Glyoxalase 2 Coordinates de Novo Serine Metabolism

Marissa N. Trujillo, Erin Q. Jennings, Dominique O. Farrera, Naoya Kitamura, Colin C. Anderson, Sarah Gehrke, Julie A. Reisz, Mogens Johannsen, James R. Roede, Angelo D'Alessandro, James J. Galligan

Research output: Contribution to journalArticlepeer-review

Abstract

Phosphoglycerate dehydrogenase (PHGDH) is the first enzyme in de novo Ser biosynthesis.
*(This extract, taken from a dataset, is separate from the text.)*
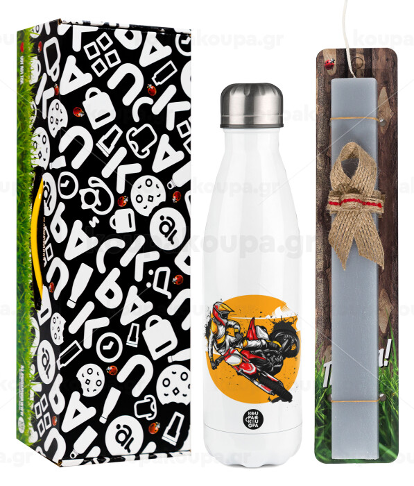 Motocross, Easter candle, metallic white thermos bottle (500ml) & aromatic flat candle (30cm) (GRAY)

Numerous metabolic pathways rely on Ser as a precursor, most notably one-carbon metabolism, glutathione biosynthesis, and de novo nucleotide biosynthesis. To facilitate proliferation, many cancer cells shunt glycolytic flux through this pathway, placing PHGDH as a metabolic liability and feasible therapeutic target for the treatment of cancer. Herein, we demonstrate the post-translational modification (PTM) of PHGDH by lactoylLys. These PTMs are generated through a non-enzymatic acyl transfer from the glyoxalase cycle intermediate, lactoylglutathione (LGSH). Knockout of the primary LGSH regulatory enzyme, glyoxalase 2 (GLO2), results in increased LGSH and resulting lactoylLys modification of PHGDH. These PTMs reduce enzymatic activity, resulting in a marked reduction in intracellular Ser. Using stable isotope tracing, we demonstrate reduced flux through the de novo Ser biosynthetic pathway. Collectively, these data identify PHGDH as a target for modification by lactoylLys, resulting in reduced enzymatic activity and reduced intracellular Ser.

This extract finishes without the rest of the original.